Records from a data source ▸
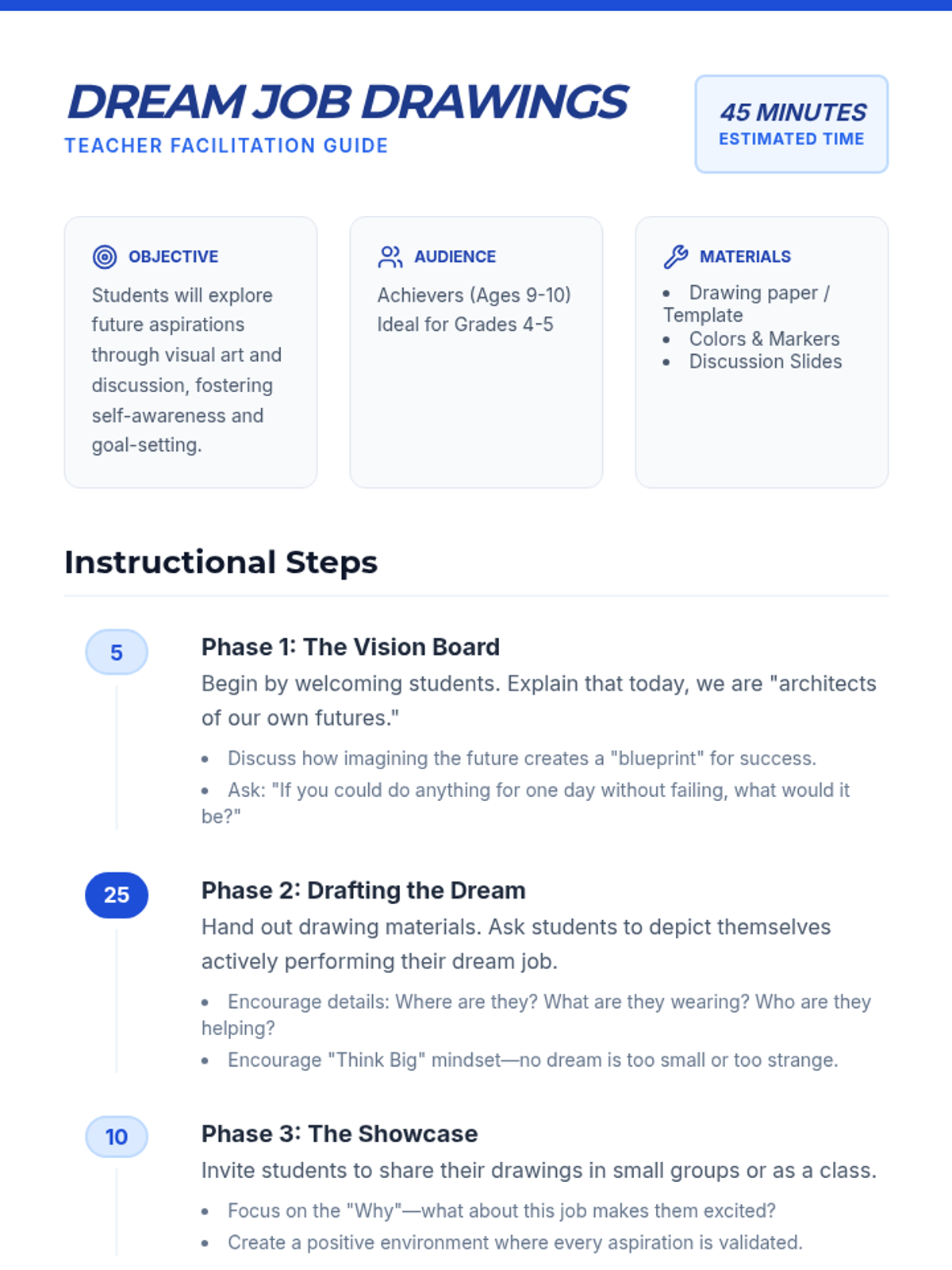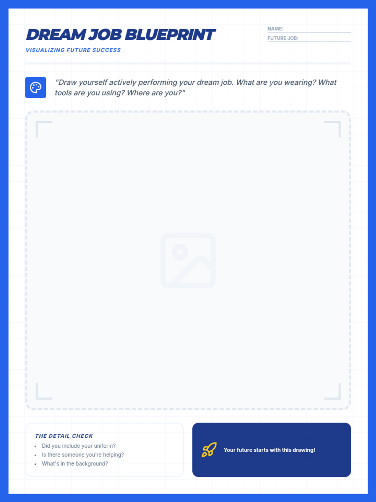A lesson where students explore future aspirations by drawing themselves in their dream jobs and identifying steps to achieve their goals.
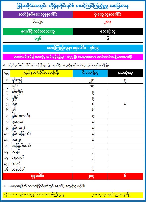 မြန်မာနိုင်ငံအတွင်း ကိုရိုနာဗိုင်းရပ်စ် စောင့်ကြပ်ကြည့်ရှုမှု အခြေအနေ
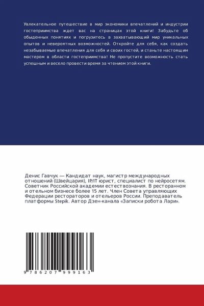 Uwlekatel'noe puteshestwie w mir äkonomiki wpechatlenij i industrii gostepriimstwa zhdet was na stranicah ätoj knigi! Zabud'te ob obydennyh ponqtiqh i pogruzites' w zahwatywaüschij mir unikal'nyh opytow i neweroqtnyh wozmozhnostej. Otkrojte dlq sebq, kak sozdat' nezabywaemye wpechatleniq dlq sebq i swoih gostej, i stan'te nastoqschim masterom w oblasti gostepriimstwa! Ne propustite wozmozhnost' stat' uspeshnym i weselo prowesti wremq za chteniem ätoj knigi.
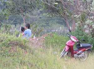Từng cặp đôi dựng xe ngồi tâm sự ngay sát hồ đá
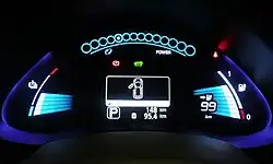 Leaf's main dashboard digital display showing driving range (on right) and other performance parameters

AIM OF THE TASK ▸ Every line from the one containing "Từng cặp đôi" through the final line of the records above is to be written out exactly; nothing else, and no pictures.

ANSWER TO THE PROBLEM ▸
Từng cặp đôi dựng xe ngồi tâm sự ngay sát hồ đá
 Leaf's main dashboard digital display showing driving range (on right) and other performance parameters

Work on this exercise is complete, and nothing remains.